Tennis: Badosa sets up Wimbledon third-round tie with Kvitova, Bautista Agut latest to catch virus

Paula Badosa celebrating after her match against Irina Bara at Wimbledon on June 30, 2022. PHOTO: REUTERS

LONDON (AFP, REUTERS) - Spanish women's fourth seed Paula Badosa beat Romania's Irina Bara 6-3, 6-2 on Thursday (June 30) to set up a Wimbledon third-round clash against two-time champion Petra Kvitova.

The 24-year-old Badosa, who reached the fourth round last year, broke her opponent four times during the match, winning 89 per cent of her points on first serve.

She will meet Kvitova, 32, in the third round after the Czech 25th seed beat Romania's Ana Bogdan 6-1, 7-6 (7-5).

Kvitova, who won the grass-court Grand Slam in 2011 and 2014, blew a 5-1 lead in the second set but held her nerve to come out on top in the tie-break.

Her compatriot and last year’s Wimbledon finalist Karolina Pliskova, however, lost her second-round match on Thursday to British wildcard Katie Boulter 3-6, 7-6 (7-4), 6-4.

Said the world No. 118: “I am literally shaking. The crowd was unbelievable so thank you for getting me through that.

“I’m probably going to getting emotional. My grandmother died two days ago so I’d like to dedicate that to her today."

Badosa's Spanish compatriot, men's 17th seed Roberto Bautista Agut meanwhile, on Thursday became the third player to withdraw from this year's event with Covid-19 in a fresh blow for the tournament, which has returned to full capacity.

"Today I have notified @Wimbledon of my withdrawal. I have tested positive for Covid-19," tweeted the 34-year-old. "Fortunately, the symptoms are not very serious, but I think it is the best decision. Thanks for your support. I hope to come back soon."

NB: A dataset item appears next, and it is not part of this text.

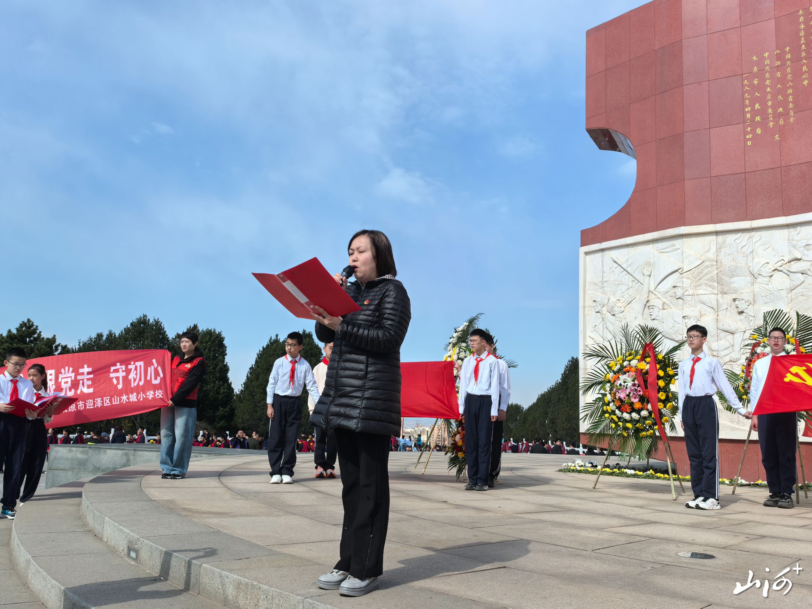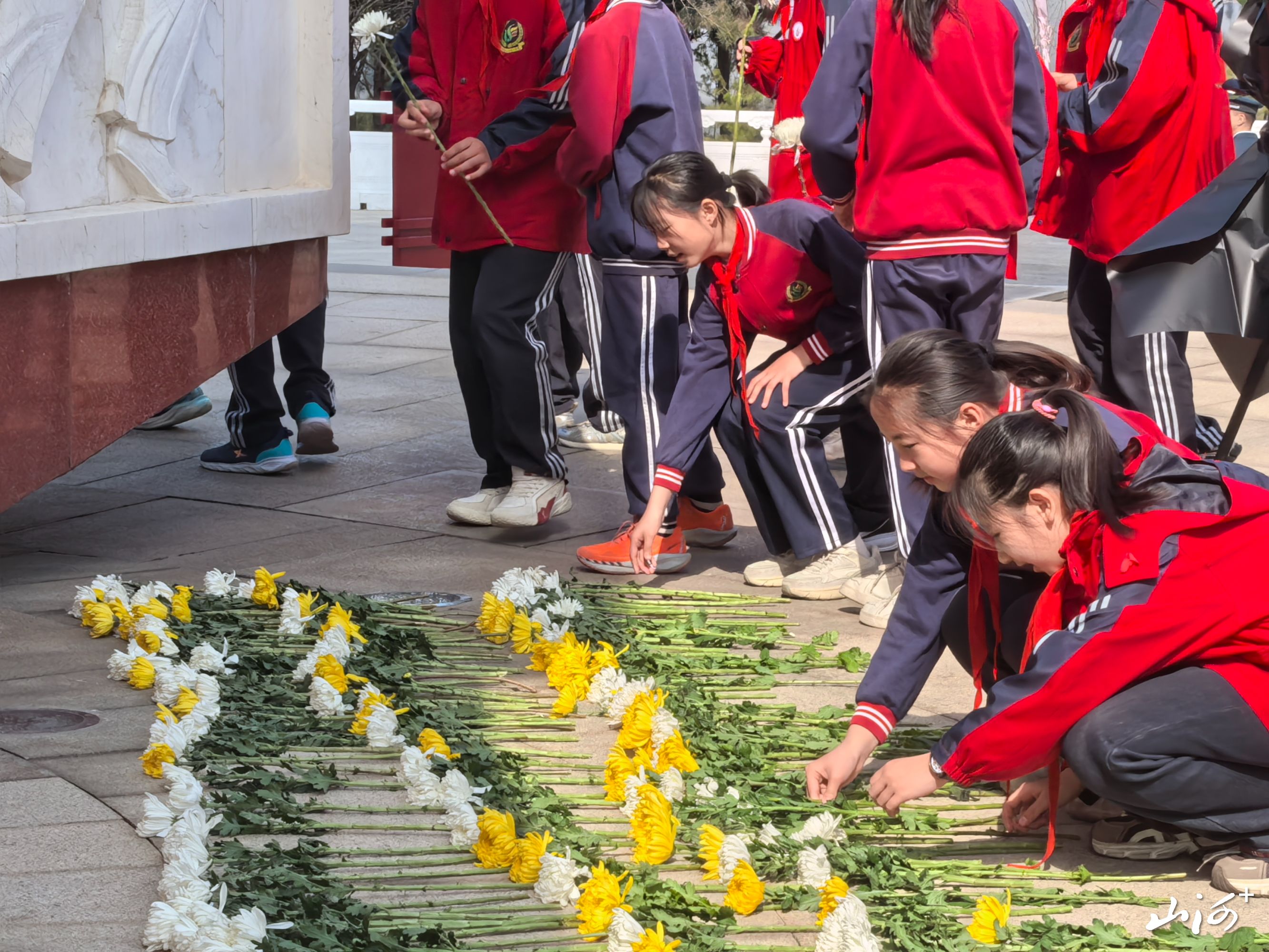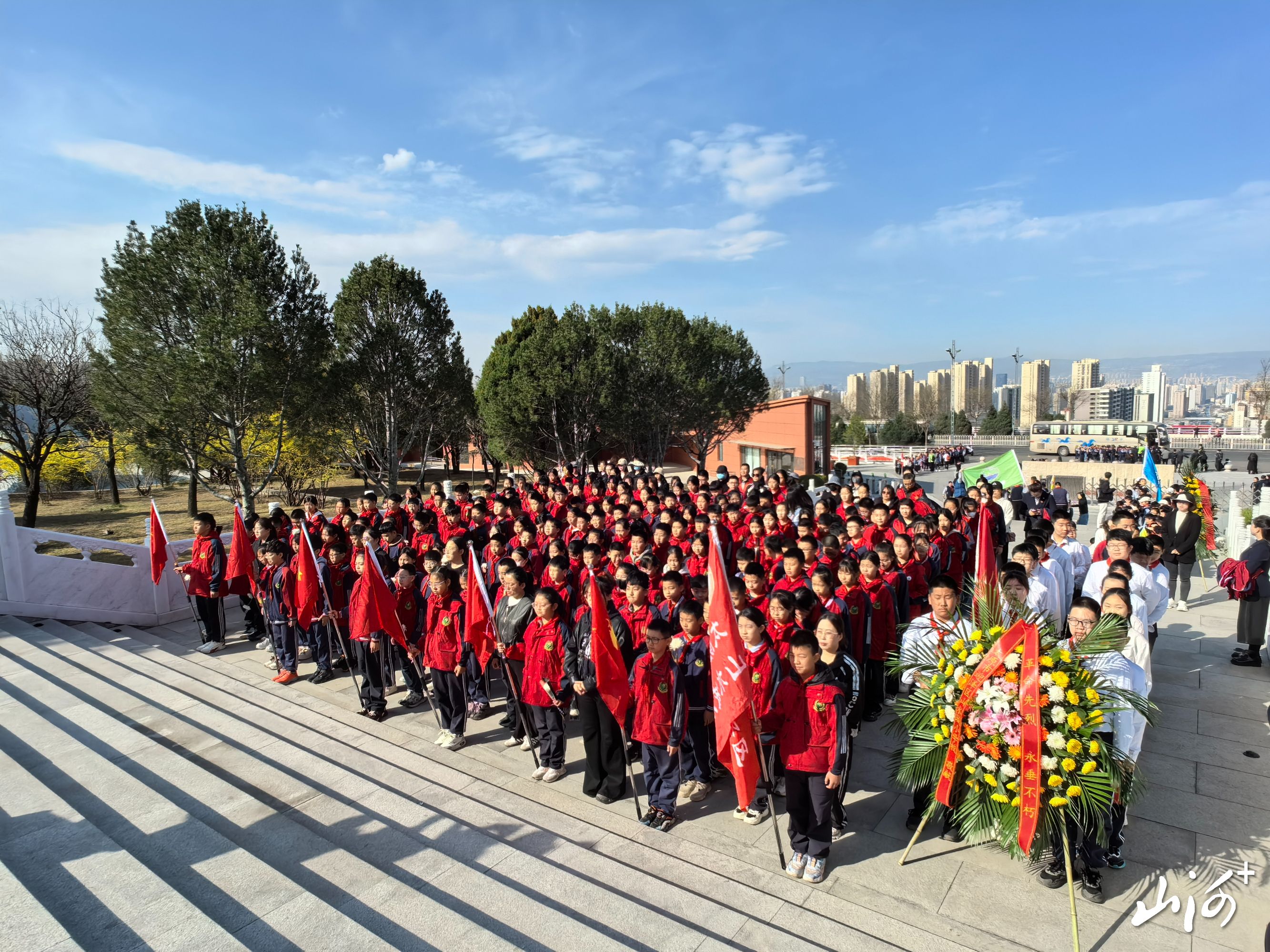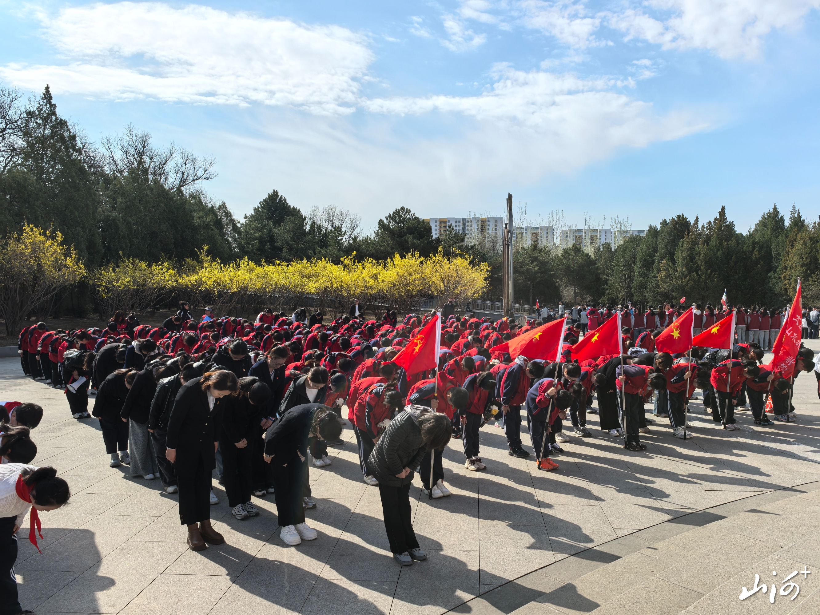 山西晚报·山河+讯 清明节之际,太原市迎泽区山水城小学组织全体党员、团员教师、六年级少先队员,携手家长代表及山水城社区志愿者,走进太原市牛驼寨烈士陵园,开展“寻访春天的记忆 致敬不朽的丰碑”清明祭扫活动。

The 2019 semi-finalist joins 2021 runner-up Matteo Berrettini as well as 2017 finalist Marin Cilic in pulling out of the event in the first week due to the coronavirus.

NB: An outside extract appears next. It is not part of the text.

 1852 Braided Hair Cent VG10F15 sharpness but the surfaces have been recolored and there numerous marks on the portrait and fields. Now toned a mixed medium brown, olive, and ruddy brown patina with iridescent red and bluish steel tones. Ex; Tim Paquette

Bautista Agut's withdrawal means that Colombia's Daniel Elahi Galan receives a walkover into the third round.

Wimbledon was cancelled in 2020 due to the pandemic while the 2021 edition was run at reduced capacity with players confined to a bubble.

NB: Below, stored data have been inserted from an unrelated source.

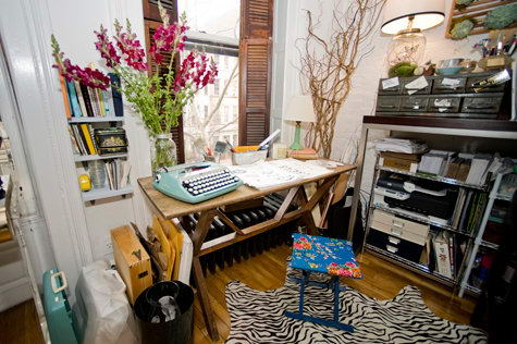 Poppies & Posies是在纽约的一间精品花卉和设计事务的公司,是由Juliet和Sierra在2007年创办的,这里她们的公寓,也是工作室,她们精心的设计的灵感来自于有机运动和著名的花园。Juliet是一个狂热的收藏家,公寓里几乎都是她的收藏品和精美的花卉,其实上,她多数的收藏品都是来自她的祖父母。看到了吗?壁炉的绘画。室内的花卉设计都看得出是非常细心设计的。窗前的,壁炉,台上的……清新而有生机。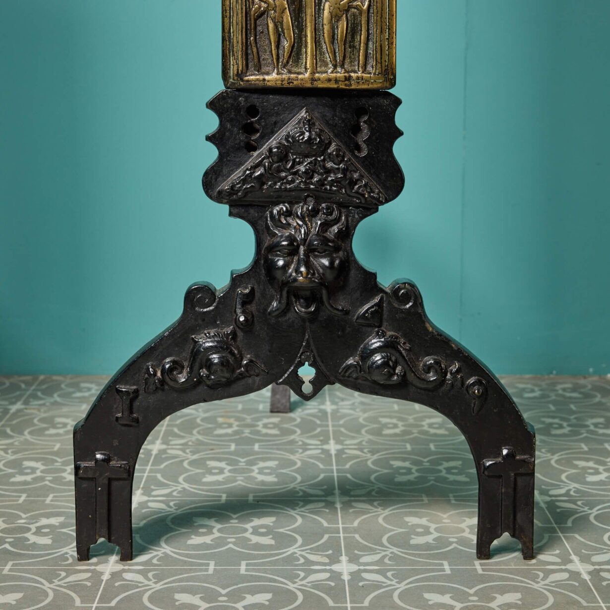 back to topA pair of antique fire dogs depicting religious scenes, dating to circa 1860. Their shining bronze large scale panels, of Baroque style, are constructed to iron, which would allow them to stand proud next to a fireplace; perhaps in the main room of a country or period property.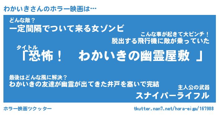 | ヒーロー風カッコイイあだ名 | 『スーパーワカイキ』『幻影騎士ワカ』 |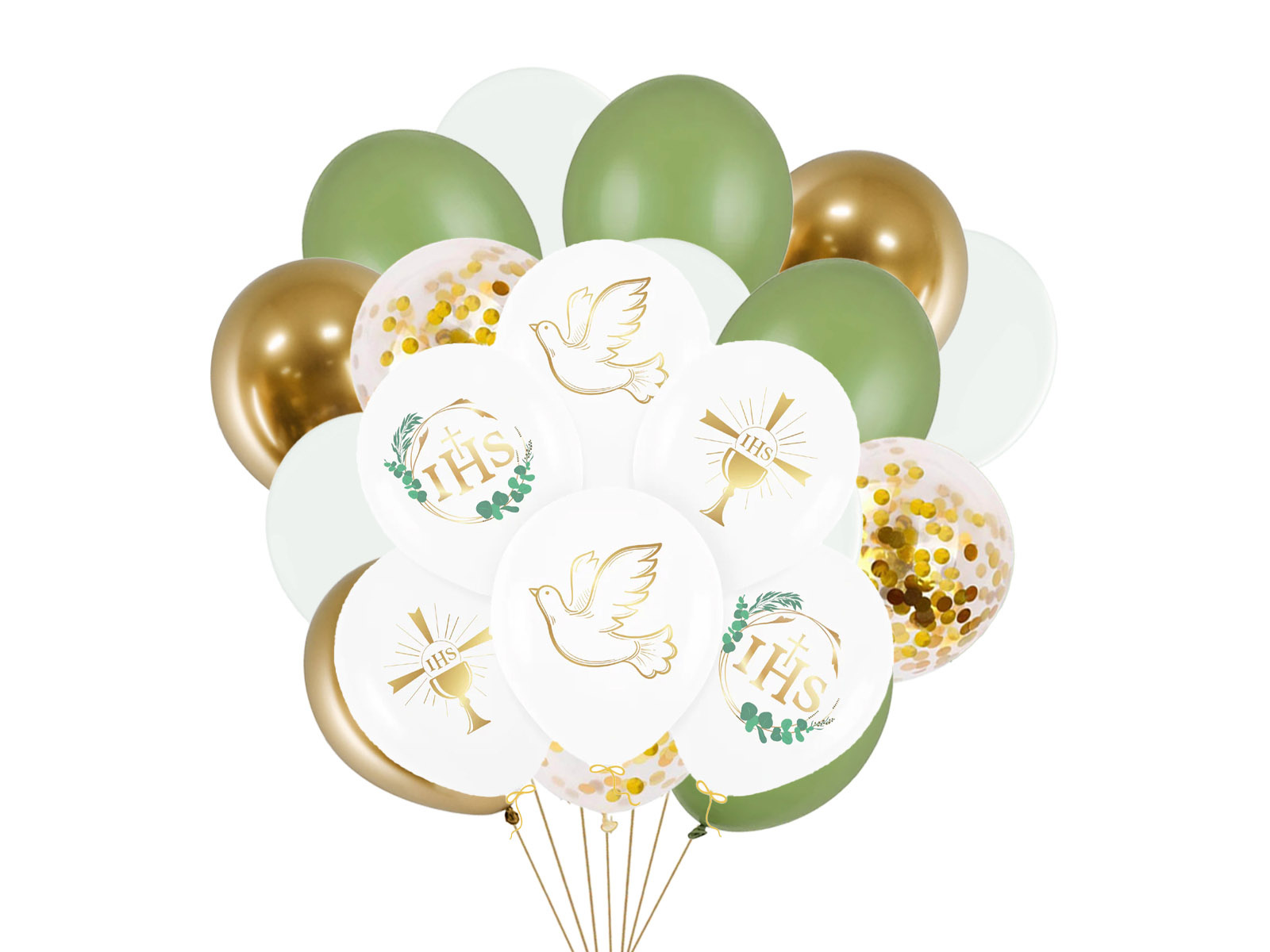 Zestaw balonów komunijnych zielono- złoty - 22 szt.

This year it is business as usual, with up to 42,000 fans each day, while players are responsible for testing themselves if necessary. That has led to fears that some will risk playing on at the tournament even if they are exhibiting symptoms.

"At the end of the day if you have got a bit of a cold, you play main draw of Wimbledon for £50,000 and a chance of more," said British player Liam Broady. "I'm not sure some of the lower-ranked guys are going to Scout's honour take themselves away and do a Covid test."

Rafael Nadal had practised with Berrettini at the All England Club last week but said on Tuesday after his opening match that he was "feeling great".

Nadal said he had been told by a physio from the ATP men's tour that it was up to players to decide whether they tested or not.

"Now if you tell me even if you are positive, you can keep playing, this is something I didn't know," said the two-time Wimbledon champion. "The only thing I used to know is up to you, even if you feel bad, if you want to be tested or not."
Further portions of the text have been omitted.